Key words : Biosafety, Isoniazid resistance, Nucleic acid amplification, Tuberculosis infection

Introduction

Kidney transplant recipients (KTR) have an increased risk for tuberculosis (TB) infection compared with the general population, and the prevalence of TB in KTR patients varies widely geographically.¹ The diagnosis of TB in KTR patients is difficult,² and treatment leads to high risks of drug interactions and toxicity,³ which increase the risk of graft dysfunction/graft loss.⁴ India has a high incidence of multidrug-resistant tuberculosis (MDR-TB), which is emerging as an obstacle to effective control of TB. Rifampicin is considered an important drug in anti-TB treatment because of its early bactericidal effect on metabolically active bacteria and excellent late sterilization action on semi-dormant organisms.⁵

Multidrug resistant tuberculosis is defined as TB resistant to at least 2 important first-line drugs, isoniazid and rifampicin.
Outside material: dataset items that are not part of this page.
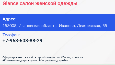 Glance, салон женской одежды по адресу 153008, Ивановская область, Иваново, Лежневская, 55 в дальнейшем Организация, размещена в следующих категориях: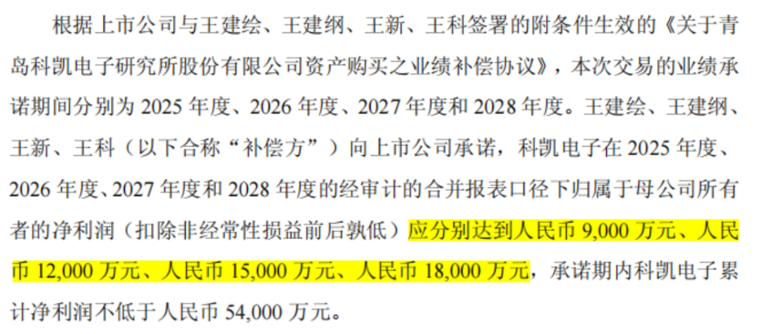 但王氏家族仍对科凯电子的未来充满信心,并做出了高额的业绩承诺:2025至2028年净利润分别不低于9000万、1.2亿、1.5亿和1.8亿,四年累计承诺总额达5.4亿。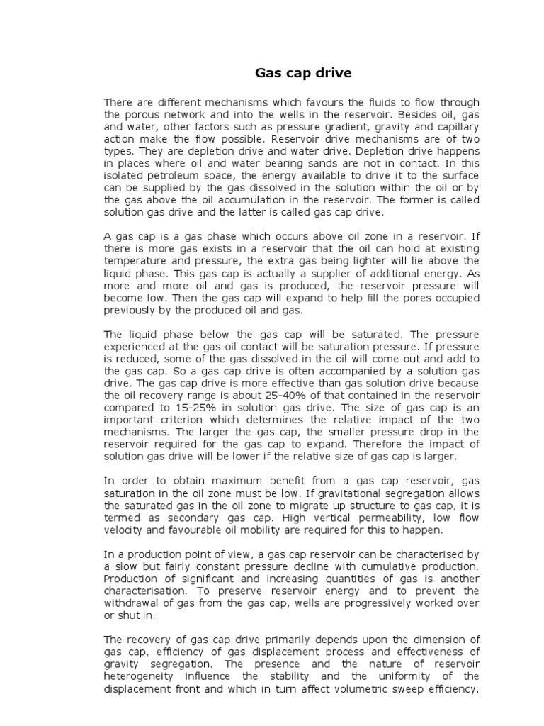 Material Balance for Gas Cap Drive Mechanism Drilling Formulas and Gas Cap Drive Mechanism Rock and liquid expansion drive. The three primary oil reservoir drive mechanisms are solution gas drive, gas cap drive, and water drive. In the saturated oil reservoir with a primary gas cap, the dominant drive mechanism is gas cap drive. In addition to rock and fluid properties, drive mechanisms—which describe the source of energy for moving fluids into, through and. Gas Cap Drive Mechanism.
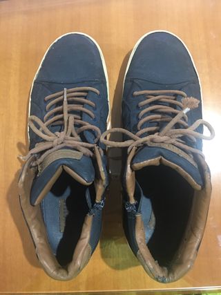 Zapatillas altas azul marino con cordones marrones y detalles en polipiel. Son de antelina Las he usado mucho Zapatillas náuticas de estilo clásico. - Cierre con cordones. - Interior forrado a rayas. Las he usado mucho, tienen algunos pequeños roces. - Detalle de cremallera lateral. - Forro interior de piel. y plantilla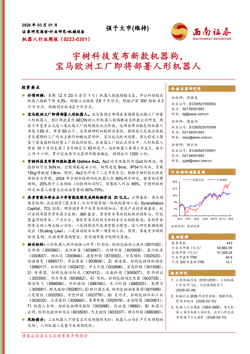 机器人行业:西南证券-机器人行业周报:宇树科技发布新款机器狗,宝马欧洲工厂即将部署人形机器人-260301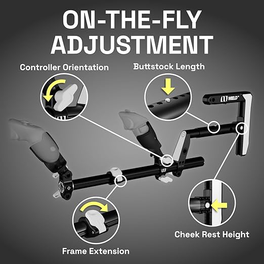 - Full Adjustability (tool-free, fast, ergonomic): Instantly modify stock length, controller angle, and pitch without tools or removing your headset. OneStock’s ergonomic, tool-free design adapts on the fly for maximum control and comfort during intense VR FPS gameplay.

More than 90% of rifampicin-resistant (RR) TB cases are also associated with isoniazid resistance. Rifampicin resistance is of particular epidemiologic importance; therefore, it represents a valuable surrogate marker for MDR-TB. Infection by RR-TB requires long therapy with less effective and more toxic second-line drugs.⁶ Proper treatment of RR-TB relies on prompt diagnosis.⁷ Diagnosis of RR-TB has been traditionally difficult because it requires sophisticated biosafety and laboratory infrastructure. The World Health Organization has endorsed the GeneXpert assay for use as a point-of care molecular assay; simultaneous diagnosis of TB and RR is possible within 2 hours.⁸

Large-scale studies on RR-TB epidemiology among KTR patients are few; hence, we described our experience with the GeneXpert assay for determination of the molecular epidemiology of RR-TB at our transplant center.

Materials and Methods

Design, settings, and study population

This retrospective study was conducted at the Microbiology section in the Department of Clinical Pathology, Laboratory Medicine, Transfusion Services and Immunohematology. Data were collected from the hospital database of the Institute of Kidney Diseases and Research Centre and Institutes of Transplantation Science, Civil Hospital campus, Ahmedabad, Gujarat, India, for the period from October 2018 to February 2022.

The study participants included all KTR patients at our center on follow-up, irrespective of age and sex, suspected to have TB. The study was approved by the institutional ethical review board committee. Because deidentified data were used retrospectively, which preserves anonymity of the participants, no written informed consent was taken. All the transplants performed in the center are in accordance with the rules of regulations of the Declaration of Helsinki, the Declaration of Istanbul, good clinical practice, and the Indian Organ Act. Most of the transplants were from living related donors (82%), with some from deceased donors (18%). The relationships of living related donors included 51% spouses, 38% parents, 10% siblings, and 1% children.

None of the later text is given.